A DRB exige um programa estruturado. Vacinação, transporte, descanso, água, ambiente, nutrição, observação clínica e tratamento precisam funcionar como partes do mesmo sistema. Quando cada etapa é conduzida separadamente, falhas de manejo podem anular o benefício de uma boa vacina ou de um antimicrobiano corretamente escolhido.

Este conteúdo é educativo e não substitui exame clínico, prescrição ou acompanhamento do médico-veterinário responsável pelo rebanho.
Por que a chegada ao confinamento concentra risco
O transporte modifica a rotina do bovino e pode produzir desidratação, fadiga e estresse. A mistura de animais de origens diferentes acrescenta desafios sociais e sanitários. Ao chegar ao confinamento, o lote encontra novo ambiente, novo manejo, nova dieta e, muitas vezes, novas condições de temperatura, poeira e densidade.
A mudança brusca de dieta também merece atenção. O animal precisa se adaptar ao consumo e ao funcionamento do cocho. Se a recepção for inadequada, pode haver queda de consumo, competição, desidratação e maior instabilidade ruminal. Esses fatores não são isolados: um bovino que chega cansado, com sede e pouca ingestão pode responder pior aos desafios respiratórios.
A poeira irrita as vias aéreas e pode aumentar a exposição a partículas e agentes presentes no ambiente. Excesso de lama, por outro lado, prejudica o conforto e dificulta a manutenção de uma área limpa de descanso. Sombra insuficiente e estresse térmico também elevam a exigência fisiológica, especialmente quando o animal ainda não se adaptou ao local.
A mistura de lotes pode mascarar sinais. Alguns bovinos demonstram apatia e cabeça baixa; outros mantêm aparência aparentemente normal mesmo com alterações iniciais. Por isso, a observação precisa ser individual sempre que possível. O manejo de recepção não deve depender apenas de olhar o lote à distância.
Triagem antes do embarque
A triagem pré-embarque é uma das decisões mais importantes do protocolo. Cada animal deve ser avaliado quanto à temperatura retal, hidratação, presença de secreção nasal ou ocular, tosse espontânea, frequência respiratória, ruídos pulmonares e histórico vacinal. O objetivo é evitar que animais já comprometidos sejam transportados sem avaliação.
Animais febris, deprimidos, desidratados, com descarga nasal purulenta ou dificuldade respiratória não devem ser embarcados sem orientação veterinária. Transportar um animal doente pode agravar seu quadro, aumentar o risco para o lote e dificultar a interpretação dos sinais na chegada.
O histórico vacinal precisa ser conferido antes do deslocamento. Os principais antígenos utilizados em programas contra DRB incluem vírus sincicial respiratório bovino, herpesvírus bovino tipo 1, vírus da diarreia viral bovina e parainfluenza-3, além de componentes bacterianos quando indicados pelo histórico da fazenda. A escolha entre vacinas vivas modificadas e inativadas depende de idade, status imunológico, manejo anterior e orientação do veterinário.

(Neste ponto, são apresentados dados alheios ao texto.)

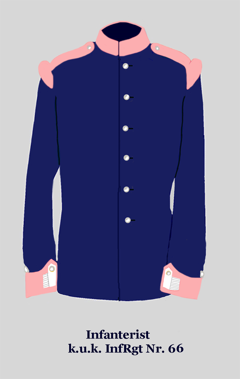 Private of the Austria-Hungarian Infantry (Hungarian style Tunic with light-red regimental identification color and white buttons)

A vacina não deve ser vista como uma autorização para negligenciar transporte ou ambiente. O programa precisa respeitar bula, armazenamento, validade, via de aplicação e intervalo recomendado. Também é necessário considerar o tempo de adaptação e o estado do animal. Vacinar um lote sob intenso estresse, sem corrigir problemas de hidratação e transporte, não resolve todos os riscos.

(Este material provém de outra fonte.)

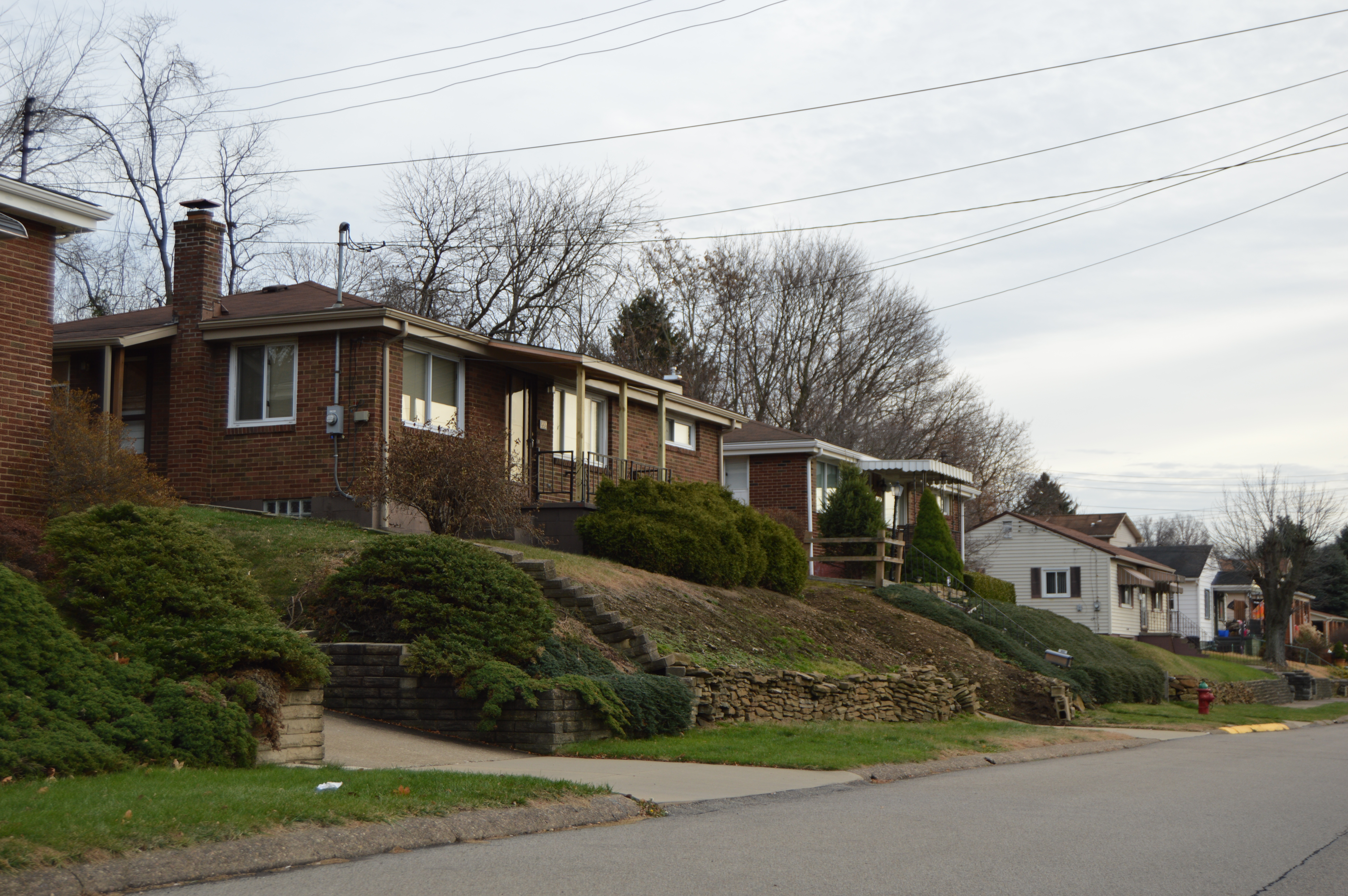 Houses on the eastern side of the 200 block of Berry Street in Baden, Pennsylvania, United States.

Recepção: água, sombra e repouso antes da pressão de manejo
Na chegada, a prioridade é oferecer água limpa, sombra, repouso e condições para reduzir a poeira. A hidratação é especialmente importante depois do transporte. Bebedouros precisam ser acessíveis, limpos e suficientes para o tamanho do lote. A observação do consumo de água e alimento ajuda a identificar animais que não estão se adaptando.
A recepção deve reduzir estímulos desnecessários. Condução agressiva, excesso de movimentação e manejo prolongado aumentam o estresse. O lote deve ser encaminhado de maneira organizada, com espaço e estrutura compatíveis. A equipe precisa conhecer os sinais que exigem separação ou avaliação.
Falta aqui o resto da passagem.